Ridley Scott adapta obra de ficção e filma o grande noir dos anos 80

Marcos Strecker

(Fonte: Jornal "Folha de São Paulo", 19 de maio de 1990)

 

"Blade Runner, O Caçador de Andróides" foi tratado após eu lançamento como um grande cult - foi mesmo um dos criadores desta expressão - e chocou pela maneira como recriava a imagem do futuro, até então unânime entre as ficções científicas.

Qualquer filme que previsse o futuro mostrava um mundo limpo, livre de todas as imperfeições humanas. Também invariavelmente mostrava os homens prisioneiros de sua própria eficiência tecnológica, já que os computadores de última geração seriam capazes de se sobrepor ao desejo e à determinação do homem.

"2001, Uma Odisséia no Espaço" (1968), de Stanley Kubrick, um dos maiores representantes dessa linha, foi realizado quando a tendência era a construção de computadores cada vez maiores.

"Blade Runner", adaptação não muito fiel do livro "Do The Androids Dream of Eletric Schep?", de Philip K. Dick, mostra a realidade dos anos 80, quando a chamada "revolução dos pequenos", a criação do microcomputador, pulverizou a estrutura armada pelos grandes fabricantes.

Não é à toa que os criadores de tecnologia no filme de Ridley Scott são pessoas que usam pequenos laboratórios caseiros, apesar da existência onipresente do grande fabricante, uma multinacional.

"Blade Runner" prevê um futuro com grandes cidades sujas e superpovoadas, onde o homem conviveria com uma mistura caótica de línguas e raças. Enquanto filme, tem estrutura simples. É uma recriação dos filmes noirs dos anos 40 e 50, em que uma história de amor é desenvolvida num meio adverso e selvagem e onde a fotografia tem um grande papel na caracterização do clima, invariavelmente tenso e desesperançado.

Uma grande corrente de críticos considera, no entanto, "Os Duelistas" (1977) o melhor filme de Ridley Scott. Ambientado na época napoleônica, seu enredo gira em torno de dois oficiais do exército francês que se enfrentam por anos em sucessivos duelos.

Quem assistiu se lembrará de uma de suas seqüências, em que os dois vão se enfrentar de espada na mão em cima de seus cavalos.

Como aconteceu em outras ocasiões, tudo é estudado de forma a criar um clima de tensão e raiva entre os dois personagens.

Mostrando ousadia e maestria na direção, a seqüência alterna planos dos personagens sucessivamente parados e em movimento, uma edição que deixaria qualquer montador arrepiado e que, no entanto, só enriqueceu o longa-metragem.

"Os Duelistas" projetou Ridley Scott numa área que não é o seu forte.
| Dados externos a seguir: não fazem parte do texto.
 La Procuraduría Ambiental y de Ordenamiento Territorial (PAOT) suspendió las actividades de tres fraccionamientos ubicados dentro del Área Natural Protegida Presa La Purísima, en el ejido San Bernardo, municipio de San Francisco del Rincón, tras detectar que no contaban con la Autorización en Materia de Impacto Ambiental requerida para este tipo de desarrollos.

É uma adaptação de um livro de Joseph Conrad, um clássico que exige uma boa caracterização de época, localização de personagens dentro do contexto histórico (elogiá-lo já seria uma ofensa para os mais ortodoxos, sabendo-se que Ridley Scott é um grande diretor de filmes publicitários, antes de ser um grande cineasta).

É uma característica especial, já que "Blade Runner" e "Alien, o Oitavo Passageiro" (o segundo filme de Ridley Scott, realizado em 1979) são duas ficções científicas, um gênero que é desprezado (por críticos e produtores, de olho em produções baratas).

"Os Duelistas", também evidencia um aspecto que talvez seja uma unanimidade entre os analistas da obra de Scott. Ele é um grande construtor de imagens - "Os Duelistas", em especial, é considerado um filme com uma fotografia muito boa -, e todos os seus trabalhos têm um ótimo tratamento plástico e uma direção de arte muito bem realizada.

Mas nem todas as produções de Ridley Scott - que tem uma filmografia relativamente pequena, de seis longas-metragens - são, grandes obras. "A Lenda" (1985), uma fábula baseada no clássico "A Bela e a Fera", foi considerado uma grande decepção e "Perigo na Noite" (1987), um policial apenas mediano, foi encarado como sinal definitivo de decadência do diretor.

Com o lançamento de "Black Rain", ano passado (1989), Scott se reabilitou e transportou sua visão pessimista - realista, talvez - do futuro para o Japão, onde Michael Douglas ia caçar um grande traficante de drogas.

Muito criticado por ter pretensamente reabilitado a construção plástica de "Blade Runner", "Black Rain" foi violentamente acusado de racista, por dar uma imagem muito negativa do Japão (o calcanhar de Aquiles da economia norte-americana atual) e de sua cultura. É um exagero. Ridley Scott é um grande cineasta e "Blade Runner", por mais que o tempo mostre rugas antes imperceptíveis, já ficou marcado como o grande filme noir do anos 80.